What you have to do: Every line below between the line holding "Uutena ostetut, yhdellä" and the line holding "Wooden plates and", inclusive, should be repeated exactly, and all other lines omitted.
*** Available records ***
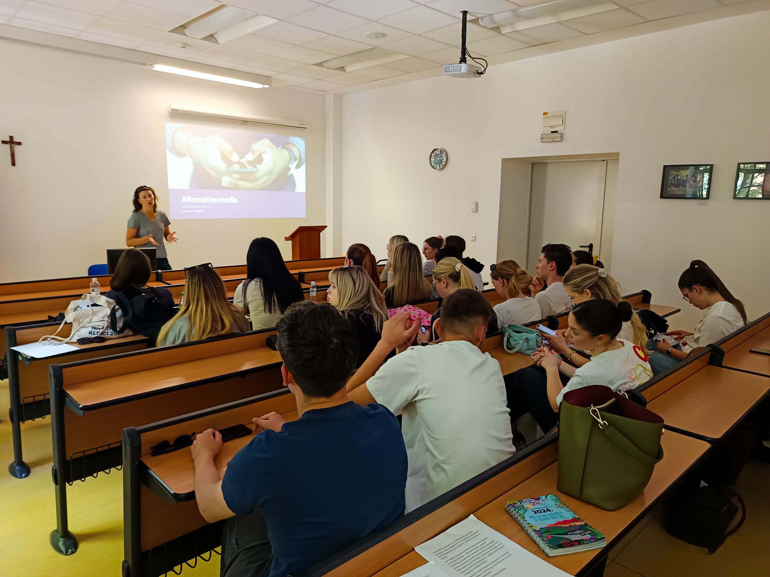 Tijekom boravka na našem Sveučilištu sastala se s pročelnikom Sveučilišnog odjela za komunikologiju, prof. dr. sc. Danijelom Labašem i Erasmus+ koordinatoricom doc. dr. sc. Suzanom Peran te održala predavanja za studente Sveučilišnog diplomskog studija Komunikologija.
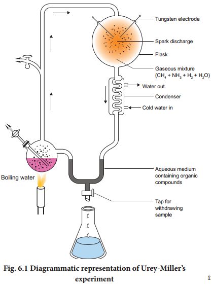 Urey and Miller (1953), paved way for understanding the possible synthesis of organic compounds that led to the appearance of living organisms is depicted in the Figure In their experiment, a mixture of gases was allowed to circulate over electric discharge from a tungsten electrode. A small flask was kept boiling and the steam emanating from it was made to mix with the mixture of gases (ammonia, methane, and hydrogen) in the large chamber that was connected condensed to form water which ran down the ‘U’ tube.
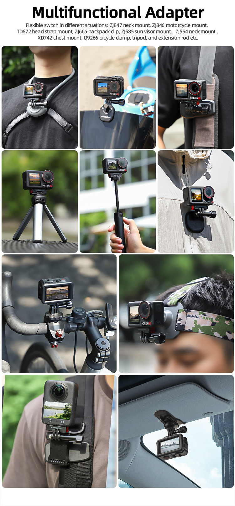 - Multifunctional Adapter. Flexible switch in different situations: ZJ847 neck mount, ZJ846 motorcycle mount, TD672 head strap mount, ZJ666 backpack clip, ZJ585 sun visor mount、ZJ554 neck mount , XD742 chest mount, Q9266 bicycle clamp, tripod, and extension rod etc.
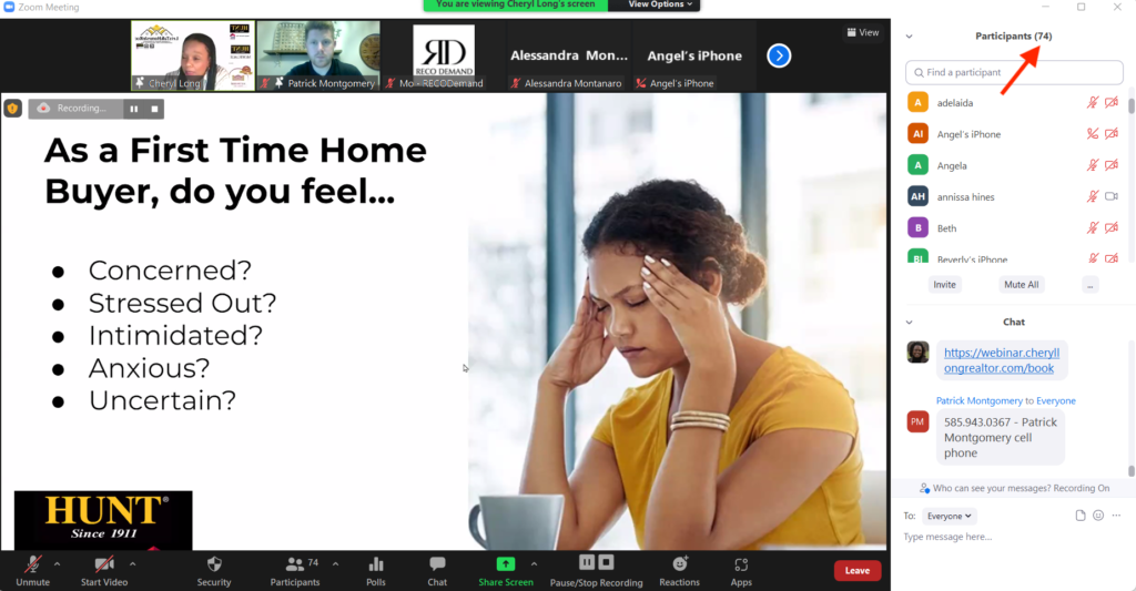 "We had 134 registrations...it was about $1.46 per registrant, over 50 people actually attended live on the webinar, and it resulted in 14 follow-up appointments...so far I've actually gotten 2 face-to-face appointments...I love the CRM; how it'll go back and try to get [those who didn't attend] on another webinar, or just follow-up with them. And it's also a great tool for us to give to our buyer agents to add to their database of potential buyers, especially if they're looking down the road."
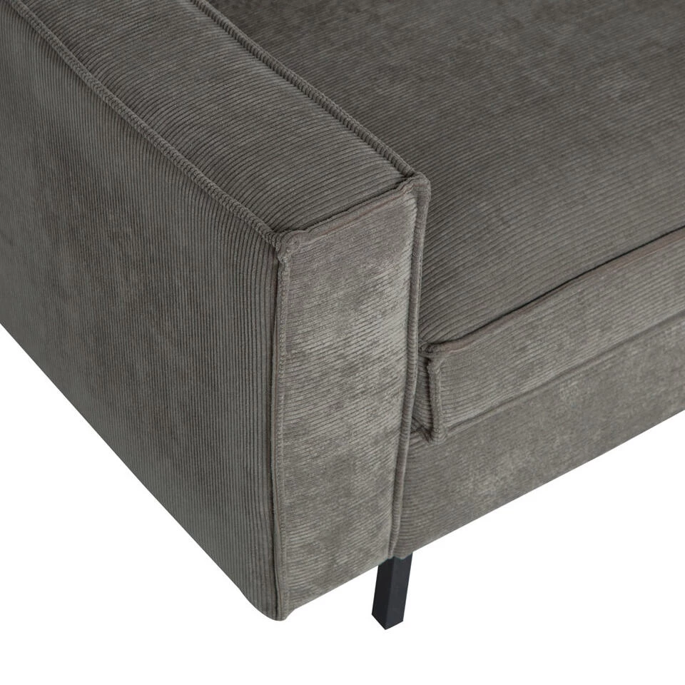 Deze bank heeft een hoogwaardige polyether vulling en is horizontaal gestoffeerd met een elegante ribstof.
*** End of Available records ***
*** Available records ***
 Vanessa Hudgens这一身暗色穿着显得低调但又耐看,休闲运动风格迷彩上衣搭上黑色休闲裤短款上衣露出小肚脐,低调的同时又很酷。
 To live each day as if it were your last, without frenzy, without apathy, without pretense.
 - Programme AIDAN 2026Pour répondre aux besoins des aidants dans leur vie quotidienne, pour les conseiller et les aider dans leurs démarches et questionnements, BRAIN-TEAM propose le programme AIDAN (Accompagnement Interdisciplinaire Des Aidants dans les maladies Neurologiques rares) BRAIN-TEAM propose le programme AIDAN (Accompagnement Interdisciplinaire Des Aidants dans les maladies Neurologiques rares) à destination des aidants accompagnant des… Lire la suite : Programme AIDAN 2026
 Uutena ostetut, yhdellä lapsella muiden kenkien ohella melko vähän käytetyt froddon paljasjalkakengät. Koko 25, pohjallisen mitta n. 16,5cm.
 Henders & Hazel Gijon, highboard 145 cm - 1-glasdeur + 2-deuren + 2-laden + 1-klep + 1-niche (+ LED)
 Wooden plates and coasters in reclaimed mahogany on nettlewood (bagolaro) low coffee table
*** End of Available records ***
*** Available records ***
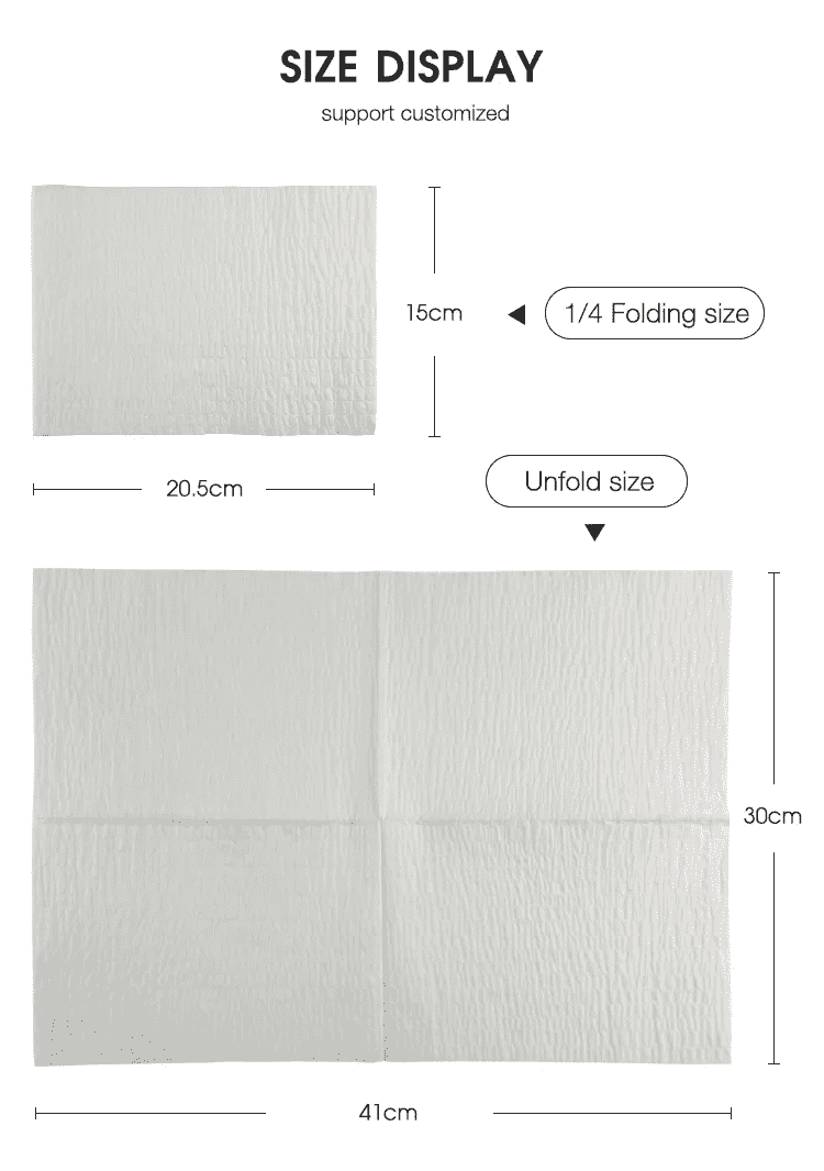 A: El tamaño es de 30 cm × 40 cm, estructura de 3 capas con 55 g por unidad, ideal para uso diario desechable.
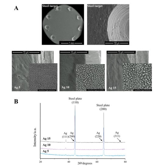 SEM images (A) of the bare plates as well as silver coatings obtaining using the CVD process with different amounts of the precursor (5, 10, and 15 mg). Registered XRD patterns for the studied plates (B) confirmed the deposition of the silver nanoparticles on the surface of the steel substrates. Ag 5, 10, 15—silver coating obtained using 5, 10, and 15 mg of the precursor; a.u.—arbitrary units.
*** End of Available records ***
Answer space:
 Uutena ostetut, yhdellä lapsella muiden kenkien ohella melko vähän käytetyt froddon paljasjalkakengät. Koko 25, pohjallisen mitta n. 16,5cm.
 Henders & Hazel Gijon, highboard 145 cm - 1-glasdeur + 2-deuren + 2-laden + 1-klep + 1-niche (+ LED)
 Wooden plates and coasters in reclaimed mahogany on nettlewood (bagolaro) low coffee table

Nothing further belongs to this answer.